Converting a Streaming Pipeline to Batch

Batch Klio pipelines can be useful when performing backfills or when work can be done on a cadence. Batch jobs can also simplify local testing as resources to handle Pub/Sub messages are not required to be set up to kick off a job.

Config Changes

In the klio-job.yaml there are two config values that need to change in order to convert a streaming job to a batch job: the streaming field and the job_config.event input and output configurations.

Streaming

Set streaming to False:

 name: my-stream-job-that-i-want-to-be-batch
 pipeline_options:
   streaming: False
 job_config:
   <-- snip -->

Event I/O

Currently the only supported event inputs and outputs for streaming jobs are Google Cloud Pub/Sub. However there are multiple supported event configurations in batch mode, the simplest of which is a text file located locally or in GCS. Similarly, writing event outputs to a GCS file is available in batch mode by setting job_config.event.outputs.
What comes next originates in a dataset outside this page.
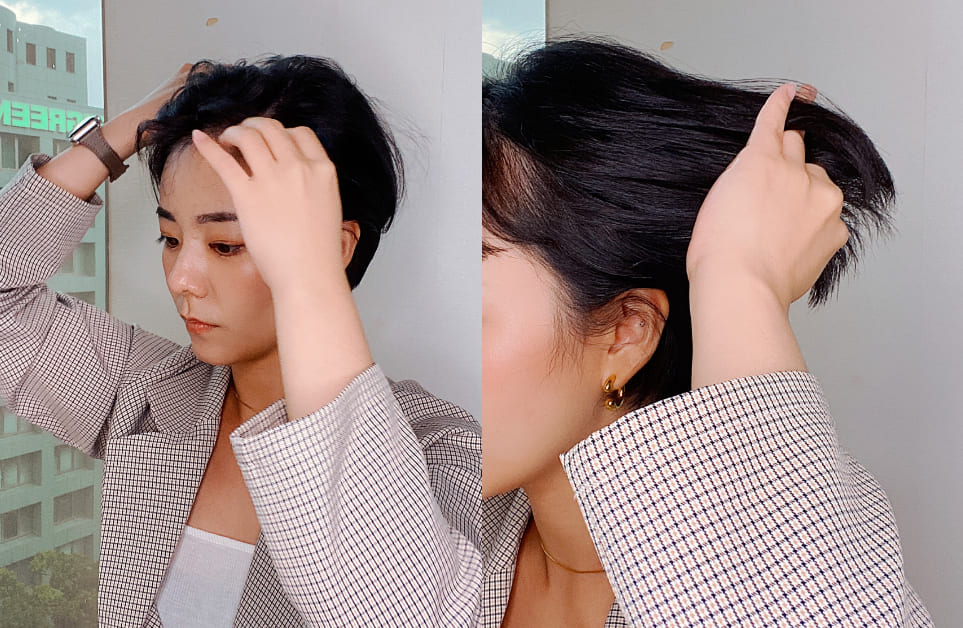 接著,由於短髮最害怕的就是頭型不夠蓬鬆、頭頂扁塌、髮尾不夠貼合,針對以上訴求,想要為髮絲補養卻又兼具造型需求,可以將髮油在手心化開後,以手指當作梳子由髮絲中段溫柔順睏鬆開秀髮,切記不要抹於頭皮,在梳鬆髮絲同時髮由也能均勻沾附於秀髮上。

An example of of the changes for reading and writing to a GCS file are seen below:

 name: my-stream-job-that-i-want-to-be-batch
 pipeline_options:
   streaming: False
   <-- snip -->
 job_config:
   event:
     inputs:
       - type: file
         location: gs://my-event-input/my-input-elements.txt
     outputs:
       - type: file
         location: gs://my-event-output/

Note

A batch job can also be converted into a streaming job in a similar matter. However, missing resources such as Pub/Sub topics and subscriptions will need to be created with the command klio job verify --create-resources.